I need to ship some things back to the USA and need some input as to the cheapest yet reliable company to use.


----------



## Phil_expat (Jan 3, 2011)

Another issue is US custom duty. Hope you have documentation to show that the item were originally shipped out of the USA to the Philippines.


----------



## David Sobo (Jan 12, 2016)

I sailed my boat to the Philippines and need to ship some of the stuff I have aboard back to my house in the States. It's all boat stuff so duty shouldn't be an issue as it's all used stuff along with some clothes (used). I can't remember how to spell the name of the boxes that people use to ship things to the PHilippines but they come via ship so take a few months and that would probably be the same for boxes going the other way. I was hoping someone knew a good way to do it.


----------



## galactic (Dec 2, 2014)

For surface cargoes via ship you could try to contact forexworld.us

Where is your boat berthed? 
Better inquire with forwarders near you to minimize cost.

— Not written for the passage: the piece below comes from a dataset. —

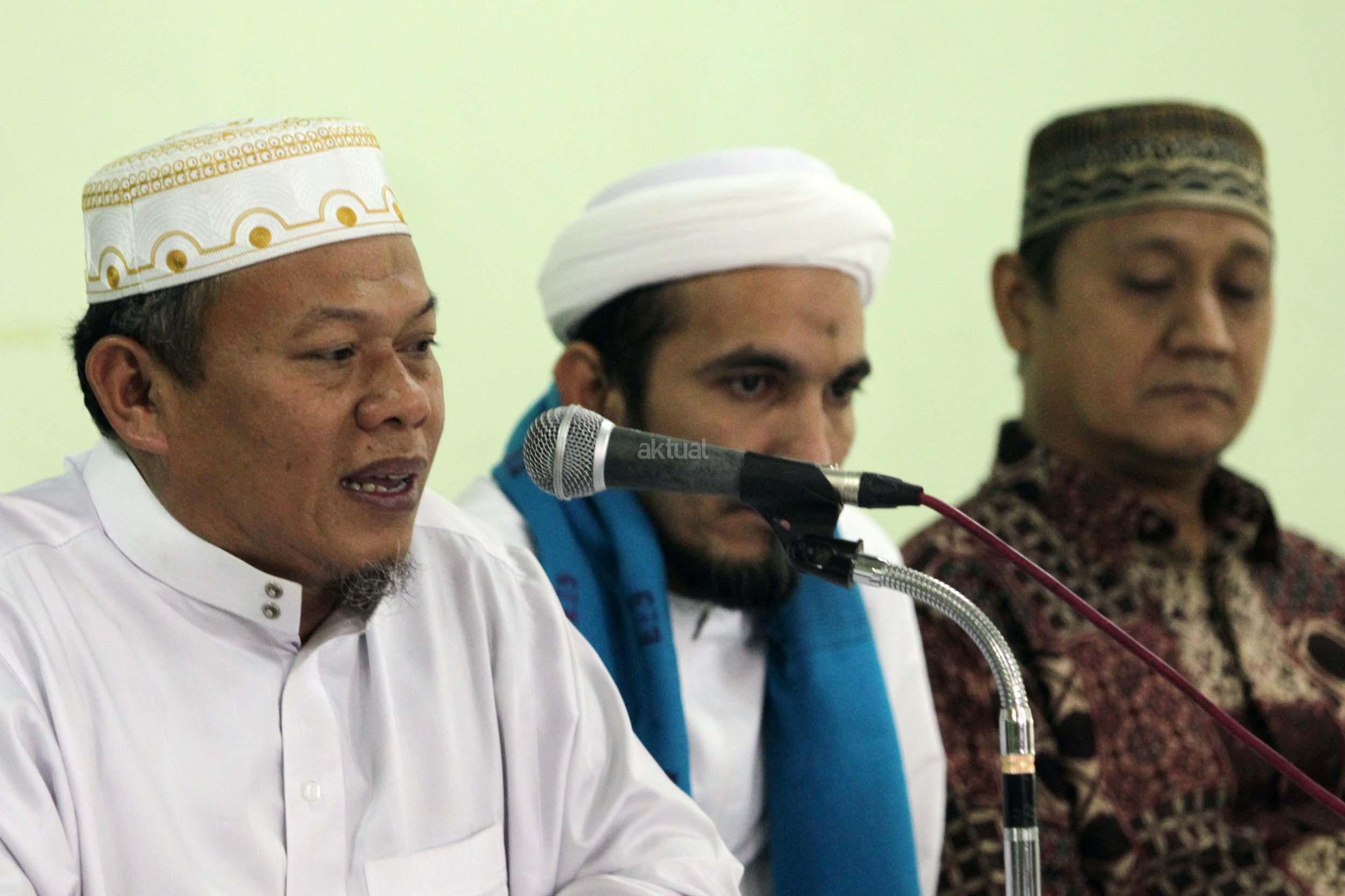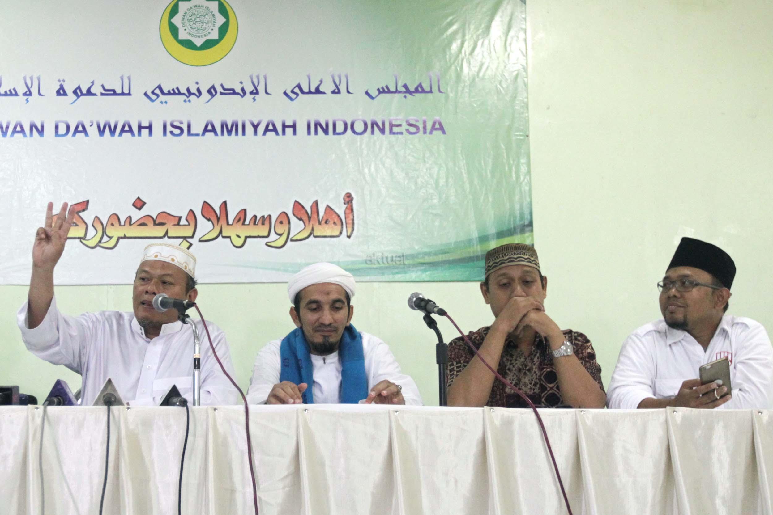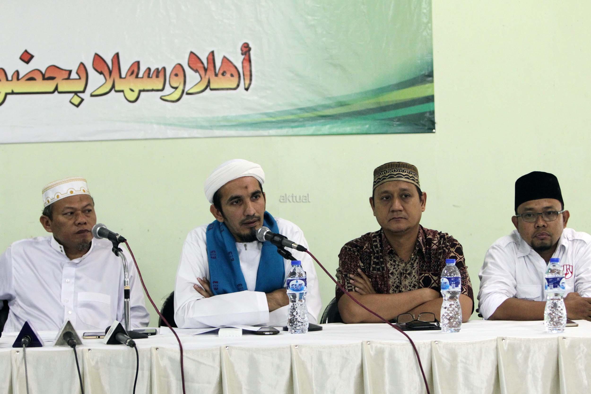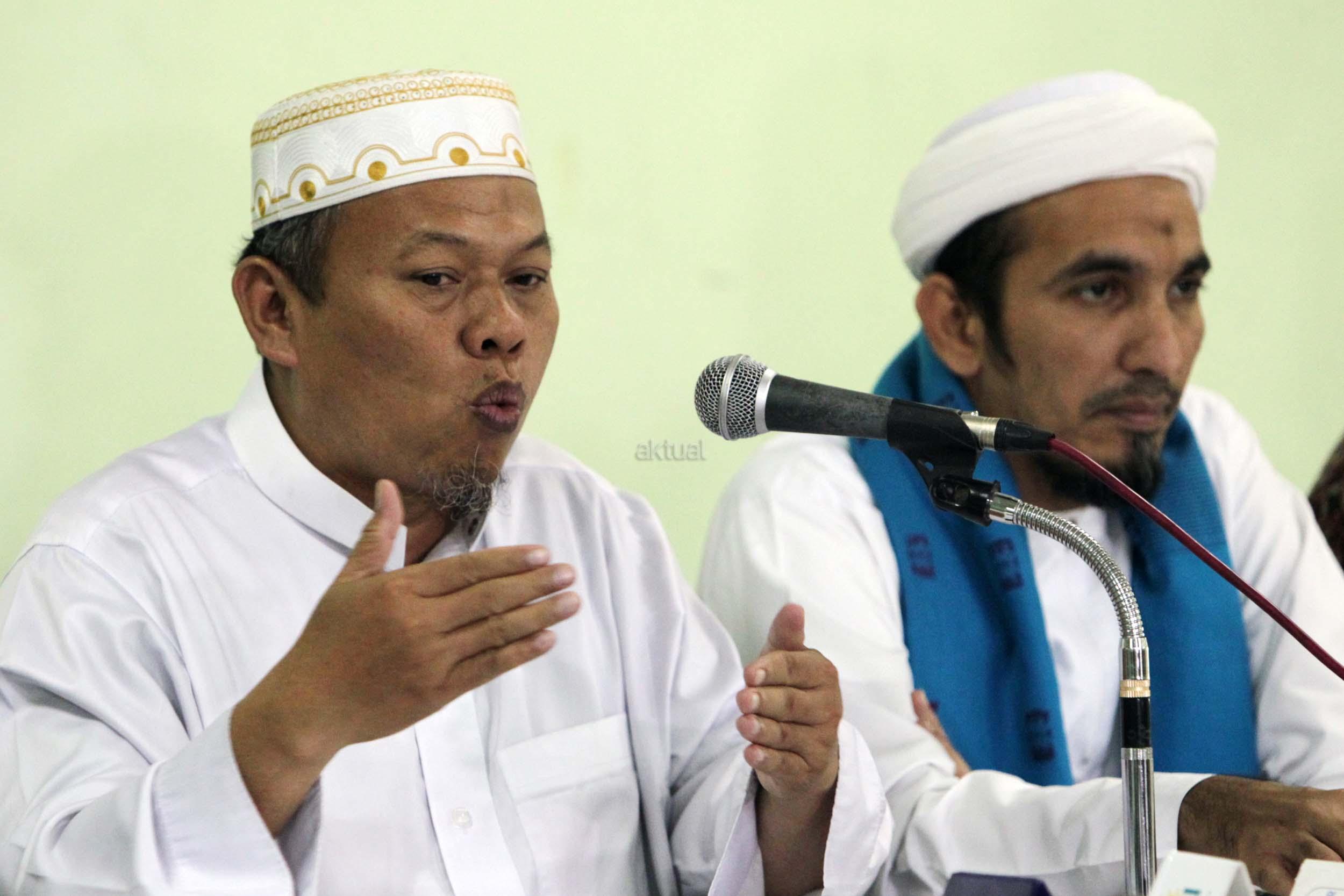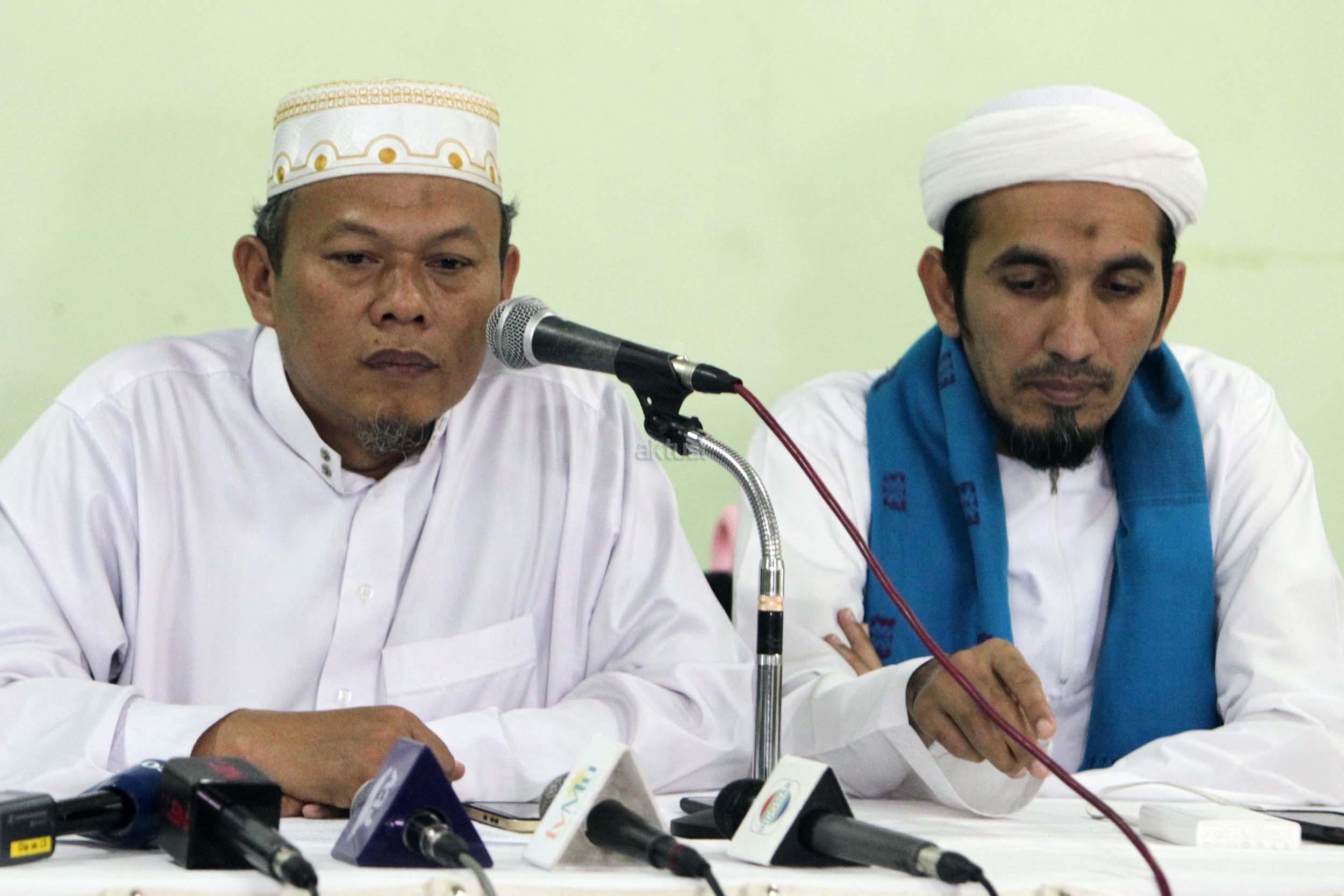 Sekretaris Jenderal Forum Umat Islam (FUI) Muhammad Al Khaththath (kiri) bersama Ketua Umum FPI Ust. Ahmad Shobri Lubis (kedua kiri) saat menggelar jumpa persnya di Gedung Dewan Dakwah, Jakarta, Kamis (9/2/2017). Dalam jumpa persnya Forum Umat Islam (FUI) rencana Aksi 112 Sabtu 11 Februari 2017 "Spirit 212" tetap akan dilakukan dan tidak ada pembatalan Aksi 112 karena tidak ada satupun undang-undang yang dilanggar. AKTUAL/Munzir

*i'm not affiliated with Forex


----------



## Tukaram (Dec 18, 2014)

Balikbayan boxes are what many of us use to ship things over here. Unfortunately the service is one way only. National bookstore sells boxes labeled as 'balikbayan' boxes... but you cannot get the same price that is available from outside the PI's. 

I have never shipped things back to the US but you will just have to talk to some shipping companies for prices.


----------



## esv1226 (Mar 13, 2014)

Balikbayan boxes are sold in National Bookstore. I sent some stuff back to the US using these boxes, 1 big and 1 small 1 through the post office for more than 15,000 pesos (but I paid more than what I should have I think). Unlike BB from the US to RP, weight is a factor when shipping from RP to US.


----------



## redggie (Jan 15, 2016)

David Sobo said:


> I need to ship some things back to the USA and need some input as to the cheapest yet reliable company to use.


Try manila forwarders. They ship from manila to usa and vice versa. $150 per balikbayan box but there are certain restrictions.

Fedex is Php 16K per 25kg via air freight. LBC is more expensive than fedex.


----------



## Glen48 (Jul 6, 2012)

Need to work out the cost maybe better to forget about it,


----------